TRY IT: Quote only the span from the first line of the entries to the line containing "HB Modular Sign System", both ends kept. Leave every picture out.

Dataset entries:
※
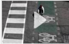
Kass: "The free ride is over, little bicycle peopl..."
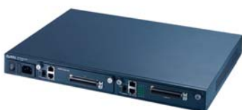
1U IP DSLAM with AC/DC Power IES-1000
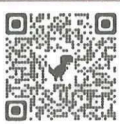
Scan for THS Band and Guard CHARMS Calendar
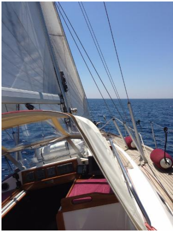
2002 Najad 373
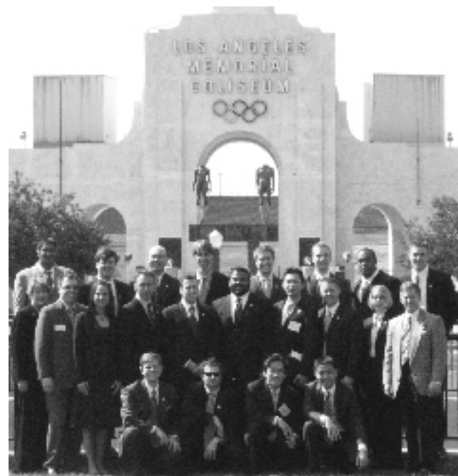
IU delegation to this year's Velocity Conference.

Previous Velocity Conference co-hosts have included Syracuse University, Stanford University, the University of Texas, the University of California at Berkeley, and Boston University.
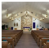
St. Mary's/Immaculate Conception Parish Florence | Florence WI
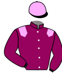
RED THE WEST
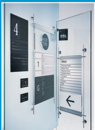
HB Modular Sign System
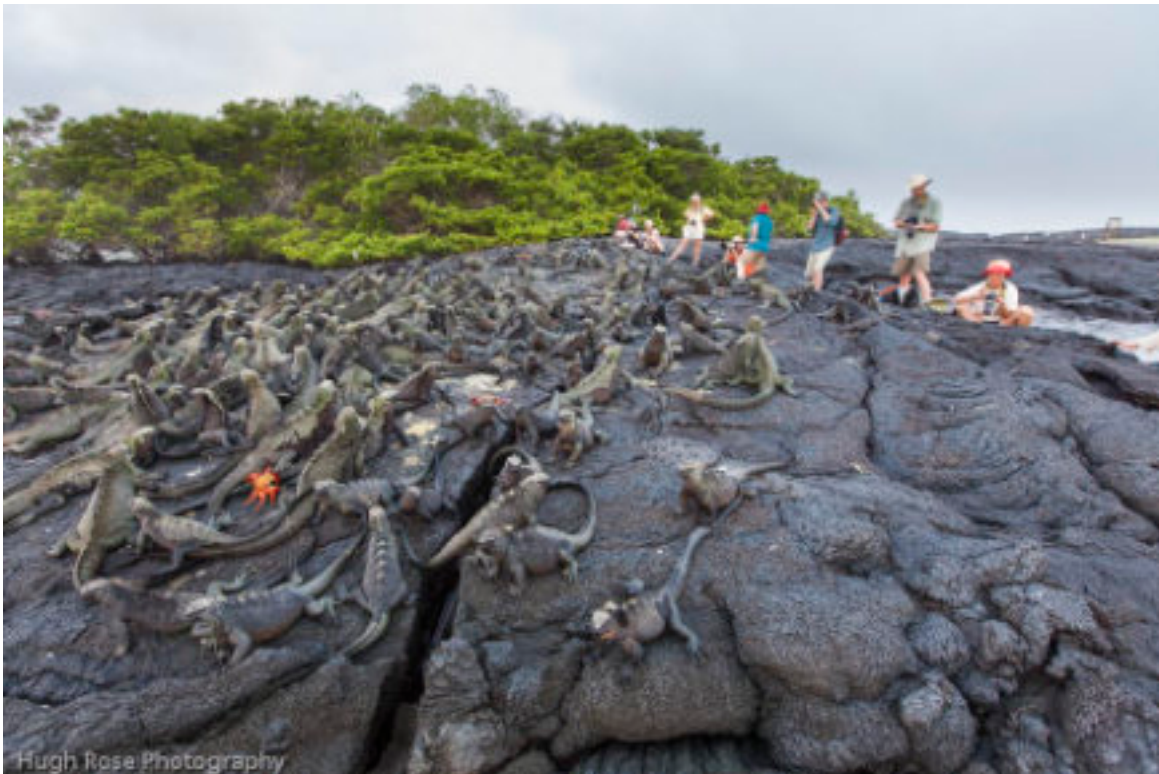
Marine Iguanas basking
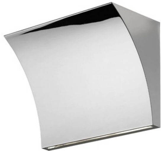
Shown in: Chrome

The Pochette Up/Down Wall Sconce features a pressure die-cast Zamak alloy structure in a Matte Gray or Chrome-plated finish. Satin finish Pyrex glass diffuser. One 20 watt (up) and one 1.5 watt (down) 2700K LED module is included. Up and down light distribution. ADA compliant. UL listed. Dimmable with an electronic low voltage, TRIAC, or 0-10V dimmer, sold separately.
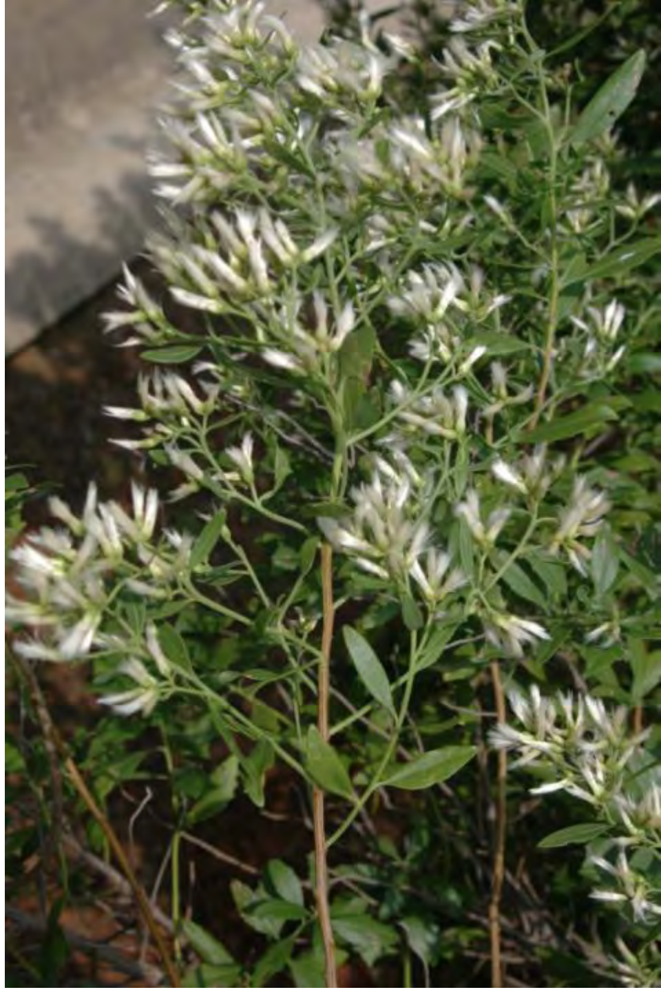
Groundsel Tree, Sea Myrtle, Baccharis halimifolia
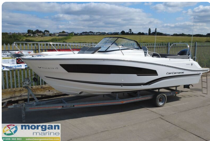
Jeanneau Cap Camarat 7.5 WA S3 - Main
※
FINAL ANSWER:
Kass: "The free ride is over, little bicycle peopl..."
1U IP DSLAM with AC/DC Power IES-1000
Scan for THS Band and Guard CHARMS Calendar
2002 Najad 373
IU delegation to this year's Velocity Conference.

Previous Velocity Conference co-hosts have included Syracuse University, Stanford University, the University of Texas, the University of California at Berkeley, and Boston University.
St. Mary's/Immaculate Conception Parish Florence | Florence WI
RED THE WEST
HB Modular Sign System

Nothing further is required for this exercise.